Demonstrate EM algorithm with Gaussian mixture model
Published:
-
Background
The Expectation-Maximization (EM) algorithm is a powerful method for estimating parameters in statistical models that include unobserved or latent variables. In such models, the log-likelihood depends on the latent variables, and the marginal log-likelihood \(l(\theta)\) (which integrates over the latent variables) often lacks an analytical solution, making direct maximization intractable.
The EM algorithm provides a practical, iterative approach to approximate the maximum likelihood estimates (MLE) of the parameters of interest. Many excellent resources explain the EM algorithm in depth. For instance, this blog post derives the general form of the EM algorithm and explains why it converges to a local maximum. This video offers a more intuitive demonstration of how the EM algorithm works, and this tutorial implements EM for estimating parameters in a Gaussian mixture model, but only for one parameter \(\pi\).

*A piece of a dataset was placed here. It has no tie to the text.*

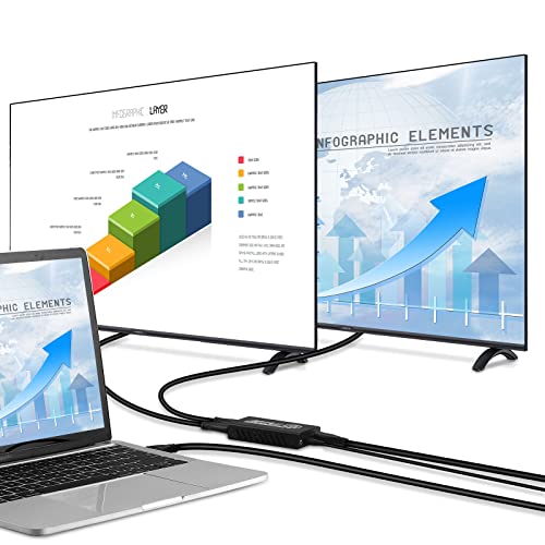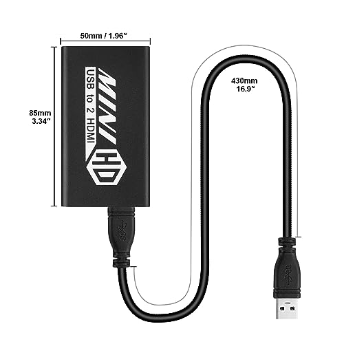 L'adattatore da USB 3.0 a HDMI supporta prese da 3,5 mm e il doppio convertitore HDMI 1080p @ 60Hz può estendere due diversi display, compatibili con Windows, MacBook e Chromebook.
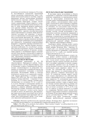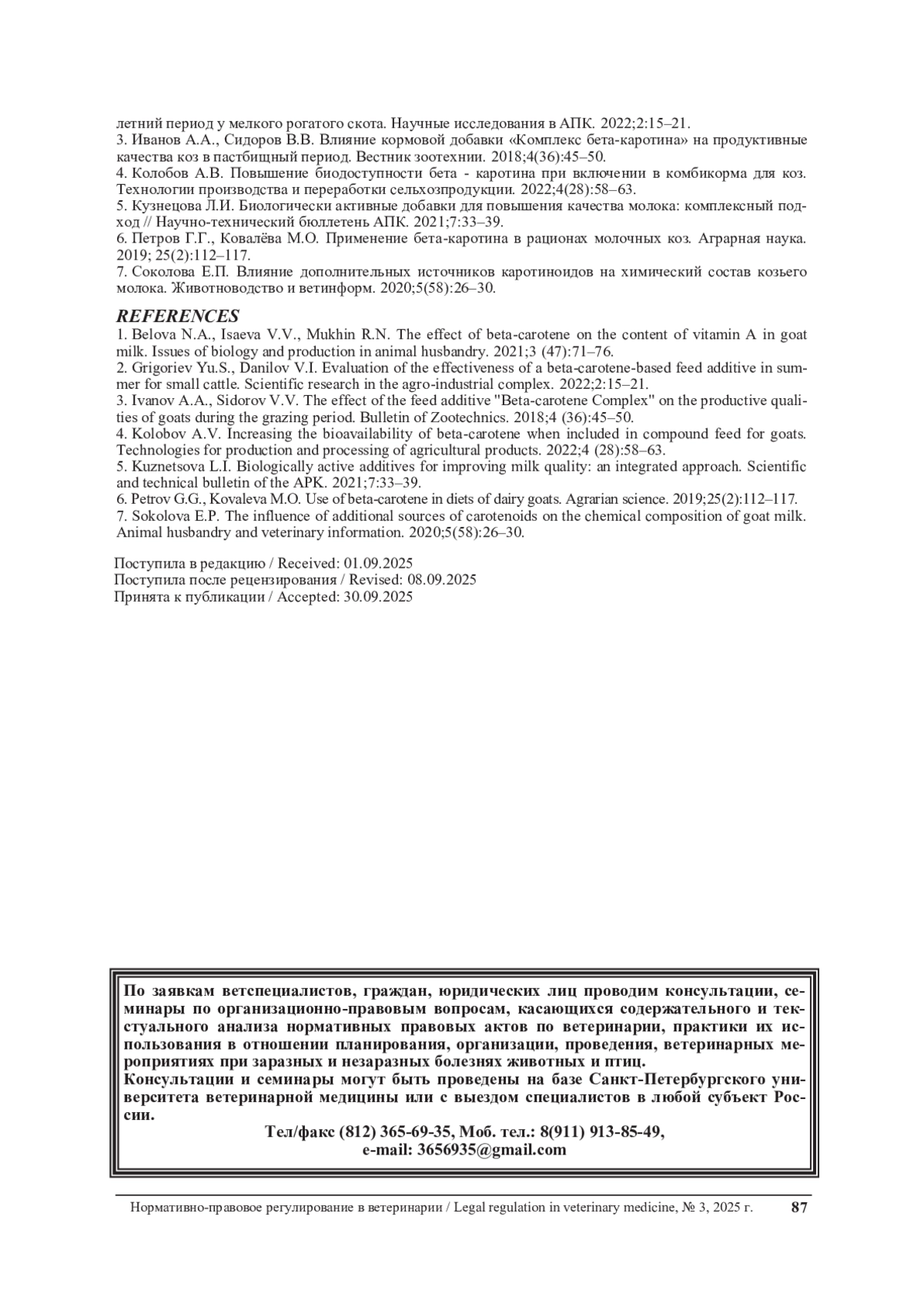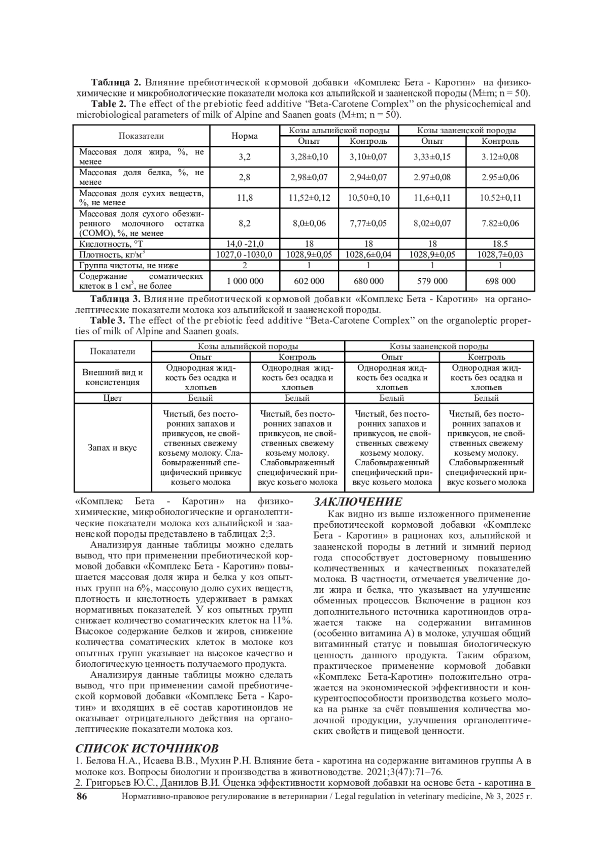 ВОРОБЦОВ Д. В., БЕЛОПОЛЬСКИЙ А. Е. ГИГИЕНИЧЕСКАЯ ОЦЕНКА ВЛИЯНИЯ ПРЕБИОТИЧЕСКОЙ КОРМОВОЙ ДОБАВКИ «КОМПЛЕКС БЕТА-КАРОТИН» НА МОЛОЧНУЮ ПРОДУКТИВНОСТЬ КОЗ АЛЬПИЙСКОЙ И ЗААНЕНСКОЙ ПОРОДЫ // НОРМАТИВНО-ПРАВОВОЕ РЕГУЛИРОВАНИЕ В ВЕТЕРИНАРИИ. 2025. № 3

Rather than repeating the theory behind the EM algorithm, this post will focus on a hands-on implementation: using the EM algorithm to estimate the MLE of \(\theta = (\mu_1, \mu_2, \pi_1)\) in a bimodal Gaussian mixture model.
Data simulation
We first simulate a toy dataset where \(X \sim GauMix(\mu_1, \mu_2, \pi_1)\), where sd of both Gaussian components are known and equal to 1.
pi_s = 0.4; u1_s = 0; u2_s = 4
mix_data = sapply(runif(5000), FUN = function(x){
if(x<pi_s){
return(rnorm(n = 1, mean = u1_s))
}else{
return(rnorm(n = 1, mean = u2_s))
}
})
The histogram of mix_data are shown below:
Implementing EM algorithm for bimodal Gaussian mixture model in R
We implemented the EM algorithm in R to compute the maximum likelihood estimate (MLE) for \(\theta = (\mu_1, \mu_2, \pi_1)\) in a bimodal Gaussian mixture model.
For simplicity, we used only one set of initial values for \(\theta\). The algorithm stops when converges (delta log likelihood < 1e-5) or after 50 iterations, whichever comes first.
######################
# implement EM algorithm
calc_resp = function(xi, u1, u2, pi_1, pi_2){
w_k1 = pi_1 * dnorm(xi, u1)
w_k2 = pi_2 * dnorm(xi, u2)
resp_k1 = w_k1 / sum(w_k1, w_k2)
resp_k2 = w_k2 / sum(w_k1, w_k2)
#browser()
return(c(resp_k1, resp_k2))
}
EM.iter <-function(mix_data, u1, u2, pi_1){
resp_k1_list = c()
resp_k2_list = c()
for(xi in mix_data){
temp = calc_resp(xi, u1, u2, pi_1, 1 - pi_1)
resp_k1_list = c(resp_k1_list, temp[1])
resp_k2_list = c(resp_k2_list, temp[2])
}
N_k1 = sum(resp_k1_list)
N_k2 = sum(resp_k2_list)
pi_1_new = N_k1 / length(mix_data)
u1_new = sum(resp_k1_list * mix_data) / N_k1
u2_new = sum(resp_k2_list * mix_data) / N_k2
return(c(u1_new, u2_new, pi_1_new))
}
calc.log.lik <- function(mix_data, u1, u2, pi_1, pi_2){
log.lik.list = c()
for(xi in mix_data){
temp = log(pi_1 * dnorm(xi, u1, sd = 1) + pi_2 * dnorm(xi, u2, sd = 1))
log.lik.list = c(log.lik.list, temp)
}
return(sum(log.lik.list))
}
#######################
# initialization:
u1_curr = -3; u2_curr = 3; p1_curr = 0.3;
log.lik = -Inf
# save intermediate results:
u1_list = c()
u2_list = c()
p1_list = c()
p2_list = c()
for(i in c(1:50)){
log.lik_curr = calc.log.lik(mix_data, u1_curr, u2_curr, p1_curr, 1 - p1_curr)
if(log.lik_curr - log.lik < 1e-5){
break
}else{
log.lik = log.lik_curr
}
temp = EM.iter(mix_data, u1_curr, u2_curr, p1_curr)
u1_curr = temp[1]; u2_curr = temp[2]; p1_curr = temp[3];
u1_list = c(u1_list, u1_curr)
u2_list = c(u2_list, u2_curr)
p1_list = c(p1_list, p1_curr)
p2_list = c(p2_list, 1 - p1_curr)
}
The algorithm converged after 12 iterations. The plots below illustrate how the estimated values of each parameter evolved over the course of the iterations.